* Dataset excerpt *
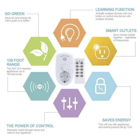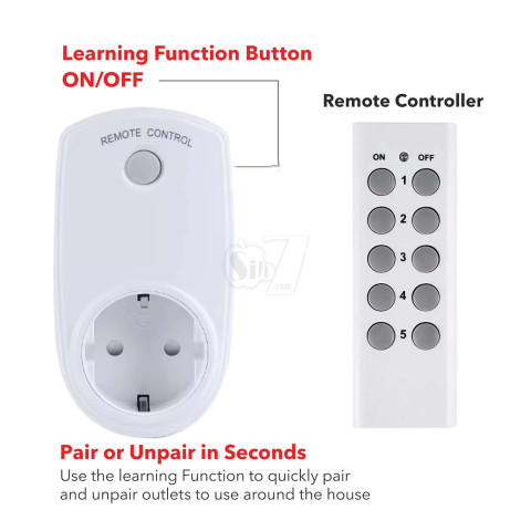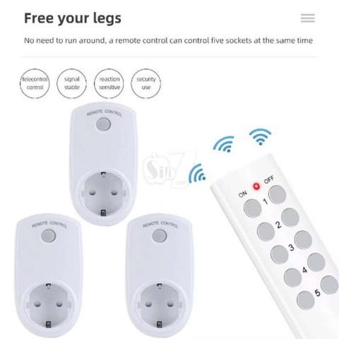 بوسیله این پریز ریموت دار معرفی شده سیب هفت می توانید برق وسیله الکتریکی که به هر کدام از این پریزها متصل کرده اید را توسط ریموت کنترل بصورت جداگانه و با انتخاب دلخواه قطع یا وصل کنید و امتیاز این ریموت بهره گیری از امواج رادیویی میباشد که امکان این کنترل را حتی از پشت دیوار یا مانع نیز میدهد.
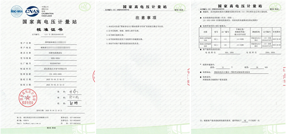 近日,國(guó)網(wǎng)湖南省某有限公司采購的武漢凱迪正大KDHL-600A回路電阻測(cè)試儀,順利通過了國(guó)家高電壓計(jì)量站的嚴(yán)格校準(zhǔn),并獲得了校準(zhǔn)證書。
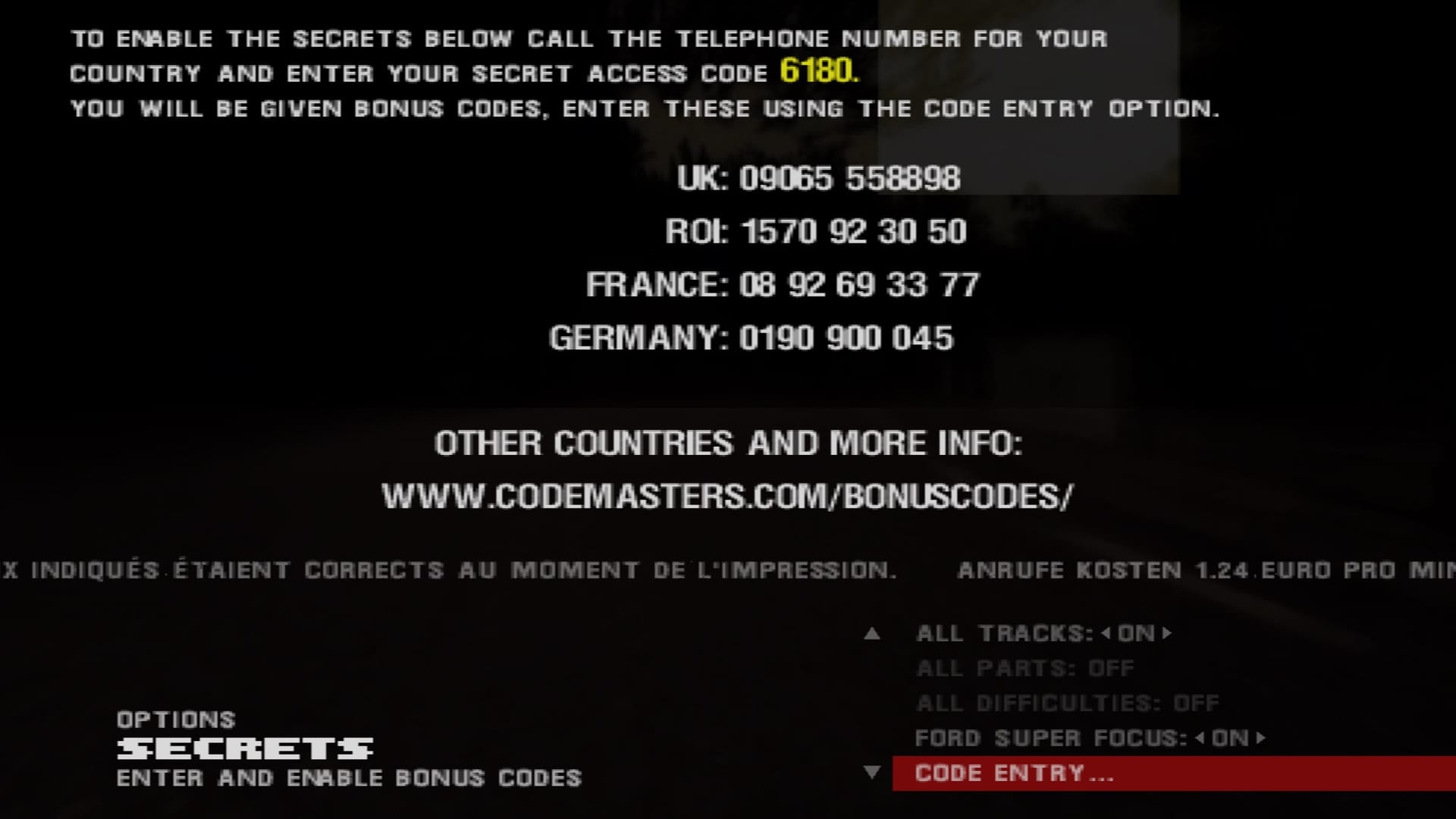 However, trying to type in a cheat offers up an impressive roadblock. When you go to Options > Secrets, you're brought to a screen where you're going to need a tool to input specific cheats to your game. This took me by surprise, as it's a clear effort by the Codemasters team back then to make you work for the cheats. However, thanks to Silent, a developer/modder, you can simply type in the four-digit code, and his tool will give you the right cheats.

* Task directions *
Could you print the material above word for word and skip the images?

* Answer for this exercise *
 بوسیله این پریز ریموت دار معرفی شده سیب هفت می توانید برق وسیله الکتریکی که به هر کدام از این پریزها متصل کرده اید را توسط ریموت کنترل بصورت جداگانه و با انتخاب دلخواه قطع یا وصل کنید و امتیاز این ریموت بهره گیری از امواج رادیویی میباشد که امکان این کنترل را حتی از پشت دیوار یا مانع نیز میدهد.
 近日,國(guó)網(wǎng)湖南省某有限公司采購的武漢凱迪正大KDHL-600A回路電阻測(cè)試儀,順利通過了國(guó)家高電壓計(jì)量站的嚴(yán)格校準(zhǔn),并獲得了校準(zhǔn)證書。
 However, trying to type in a cheat offers up an impressive roadblock. When you go to Options > Secrets, you're brought to a screen where you're going to need a tool to input specific cheats to your game. This took me by surprise, as it's a clear effort by the Codemasters team back then to make you work for the cheats. However, thanks to Silent, a developer/modder, you can simply type in the four-digit code, and his tool will give you the right cheats.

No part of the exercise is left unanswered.